Below are records; please write out exactly the lines from the first line through the line containing "在综合实践课上,小聪所在小组", with no pictures.

### Stored records
------------------------------

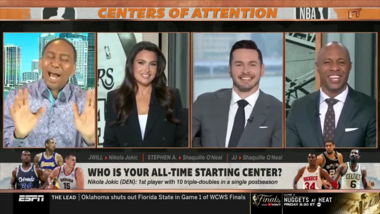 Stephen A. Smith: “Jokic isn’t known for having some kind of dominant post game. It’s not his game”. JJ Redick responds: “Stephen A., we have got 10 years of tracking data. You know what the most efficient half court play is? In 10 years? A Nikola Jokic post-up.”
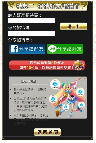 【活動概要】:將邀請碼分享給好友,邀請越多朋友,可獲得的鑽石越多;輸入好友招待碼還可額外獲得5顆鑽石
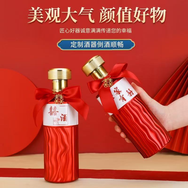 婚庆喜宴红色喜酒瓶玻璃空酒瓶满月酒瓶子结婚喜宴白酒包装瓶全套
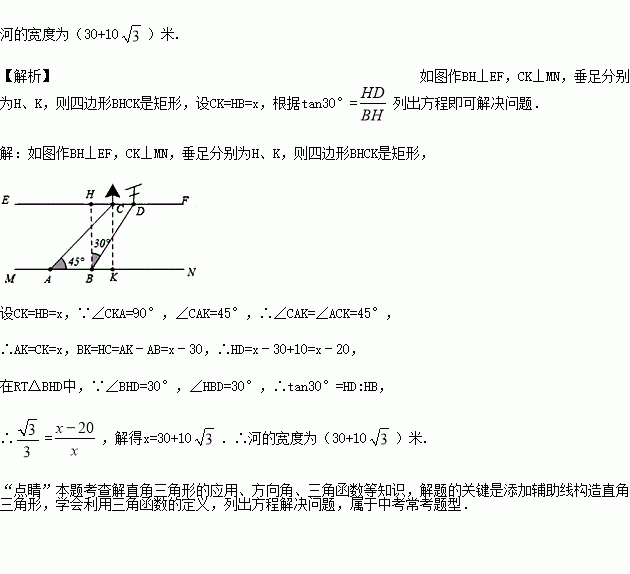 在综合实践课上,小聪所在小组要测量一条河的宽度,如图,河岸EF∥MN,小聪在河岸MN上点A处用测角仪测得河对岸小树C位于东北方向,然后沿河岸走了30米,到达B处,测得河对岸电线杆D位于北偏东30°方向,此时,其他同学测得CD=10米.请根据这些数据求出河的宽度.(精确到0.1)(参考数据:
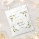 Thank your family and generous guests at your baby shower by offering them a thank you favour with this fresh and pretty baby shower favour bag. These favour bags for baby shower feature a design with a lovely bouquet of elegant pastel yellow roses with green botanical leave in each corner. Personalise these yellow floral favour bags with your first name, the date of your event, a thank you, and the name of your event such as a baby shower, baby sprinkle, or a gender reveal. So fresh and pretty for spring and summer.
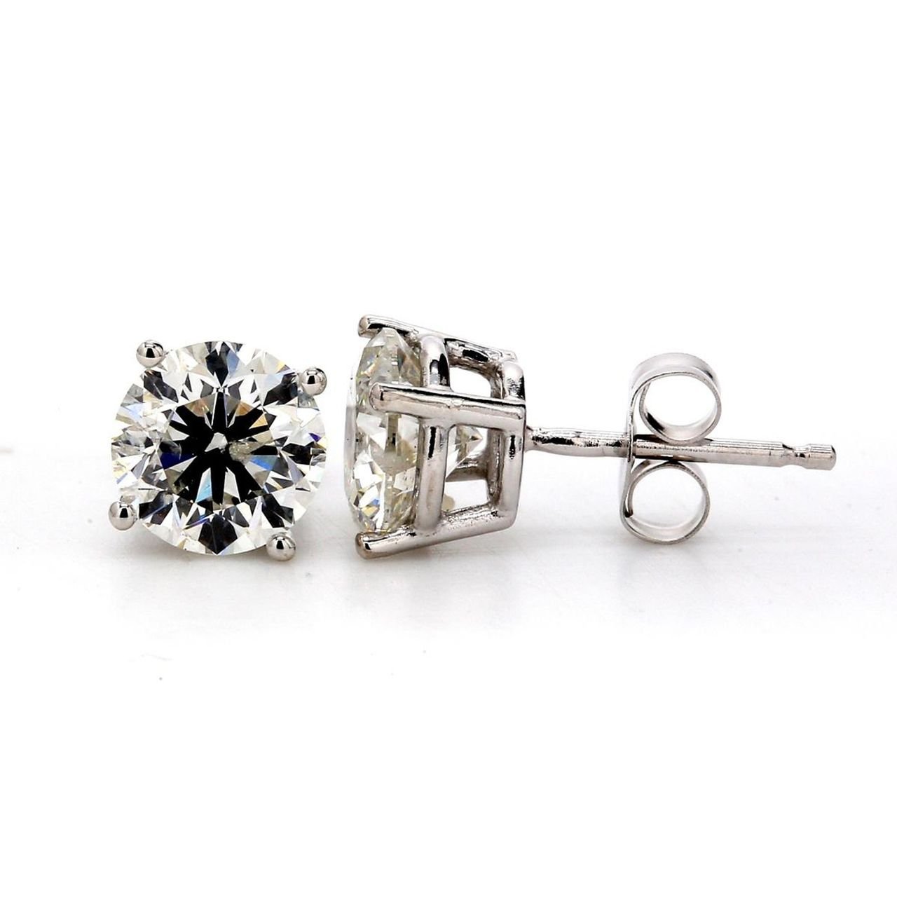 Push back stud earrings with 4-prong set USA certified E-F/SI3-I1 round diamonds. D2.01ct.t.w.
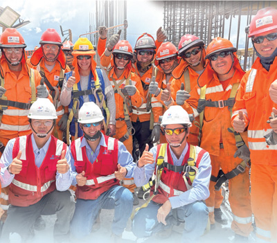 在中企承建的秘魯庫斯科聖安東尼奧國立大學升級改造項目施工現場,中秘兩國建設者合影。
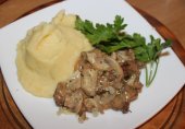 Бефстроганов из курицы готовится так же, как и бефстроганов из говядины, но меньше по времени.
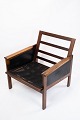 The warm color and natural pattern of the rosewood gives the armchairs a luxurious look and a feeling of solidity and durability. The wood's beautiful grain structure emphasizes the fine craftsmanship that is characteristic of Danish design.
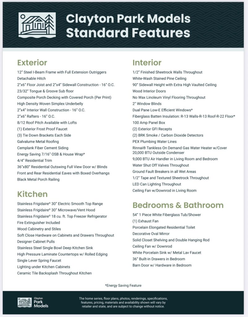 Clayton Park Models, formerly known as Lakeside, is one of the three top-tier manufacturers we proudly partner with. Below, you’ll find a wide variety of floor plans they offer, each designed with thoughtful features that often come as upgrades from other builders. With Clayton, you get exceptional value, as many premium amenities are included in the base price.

------------------------------

### SOLUTION TO THIS EXERCISE
 Stephen A. Smith: “Jokic isn’t known for having some kind of dominant post game. It’s not his game”. JJ Redick responds: “Stephen A., we have got 10 years of tracking data. You know what the most efficient half court play is? In 10 years? A Nikola Jokic post-up.”
 【活動概要】:將邀請碼分享給好友,邀請越多朋友,可獲得的鑽石越多;輸入好友招待碼還可額外獲得5顆鑽石
 婚庆喜宴红色喜酒瓶玻璃空酒瓶满月酒瓶子结婚喜宴白酒包装瓶全套
 在综合实践课上,小聪所在小组要测量一条河的宽度,如图,河岸EF∥MN,小聪在河岸MN上点A处用测角仪测得河对岸小树C位于东北方向,然后沿河岸走了30米,到达B处,测得河对岸电线杆D位于北偏东30°方向,此时,其他同学测得CD=10米.请根据这些数据求出河的宽度.(精确到0.1)(参考数据:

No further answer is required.